GP views on effectiveness of faecal occult blood testing (FOBT) and flexible sigmoidoscopy in reducing premature death from colorectal cancer in "average-risk" patients (asymptomatic with no family history); views on frequency of tests and target group; use of these tests; and independent predictors of views and use.

RESULTS

Response rate was 67%. FOBT and flexible sigmoidoscopy were said to be effective as screening tests by 38% and 61% of GPs, respectively, but 30% and 25% were unsure. Independent predictors of belief in screening effectiveness were State of practice (for FOBT), male sex and awareness of Gut Foundation guidelines (for flexible sigmoidoscopy) and increasing age (for both). Most often chosen screening frequencies were every year for FOBT (29%), and five-yearly for flexible sigmoidoscopy (24%), although 19% and 26%, respectively, were unsure of the appropriate screening interval. Most often cited target group was people aged over 40 years with first-degree relatives with colorectal cancer: 63% of GPs would offer FOBT and 74%, flexible sigmoidoscopy.

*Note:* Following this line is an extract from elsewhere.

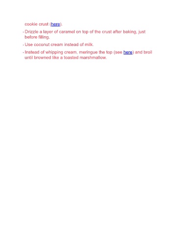 cookie crust (here). Drizzle a layer of caramel on top of the crust after baking, just before filling. Use coconut cream instead of milk. Instead of whipping cream, meringue the top (see here) and broil until browned like a toasted marshmallow.
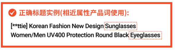 比如下图中,Sunglasses(太阳镜)、Eyeglasses(眼镜)为相近属性的产品词,当不同买家分别搜索这两个词时,都能找到该产品进行选购!可如果只有标题Sunglasses,那么搜索Eyeglasses的买家就很难搜到这个产品。

Fewer than 3% of GPs were likely to adopt an opportunistic approach to screening, yet 15% would be highly likely to recommend FOBT during a dedicated health check-up for a 58-year-old male patient, and 9% for a female patient.

CONCLUSION

The absence to date of a coherent national policy on colorectal cancer screening is associated with wide variations in views and practice that are inconsistent with the available evidence. If GPs are to be involved in implementing population screening, national policy must be widely and effectively promulgated.

摘要

目的

确定全科医生(GPs)目前对结直肠癌筛查的看法、知识及自我报告的做法。

设计与背景

1996年对1271名全科医生进行全国随机抽样的邮寄调查。

结果指标

全科医生对粪便潜血试验(FOBT)和乙状结肠镜检查在降低“平均风险”患者(无症状且无家族病史)结直肠癌过早死亡方面有效性的看法;对检查频率和目标群体的看法;这些检查的使用情况;以及看法和使用情况的独立预测因素。

结果

回复率为67%。分别有38%和61%的全科医生认为FOBT和乙状结肠镜检查作为筛查测试是有效的,但分别有30%和25%的人不确定。对筛查有效性的信念的独立预测因素包括执业地区(对于FOBT)、男性、对肠道基金会指南的知晓情况(对于乙状结肠镜检查)以及年龄增长(对于两者)。最常选择的筛查频率是FOBT每年一次(29%),乙状结肠镜检查每五年一次(24%),不过分别有19%和26%的人不确定合适的筛查间隔。最常提及的目标群体是年龄超过40岁且有结直肠癌一级亲属的人:63%的全科医生会提供FOBT,74%的全科医生会提供乙状结肠镜检查。不到3%的全科医生可能会采取机会性筛查方法,但15%的全科医生极有可能在为一名58岁男性患者进行专门健康检查时推荐FOBT,为女性患者推荐的比例为9%。

结论

迄今为止,缺乏关于结直肠癌筛查的连贯国家政策,这与观点和做法的广泛差异相关,这些差异与现有证据不一致。如果全科医生要参与实施人群筛查,国家政策必须广泛且有效地颁布。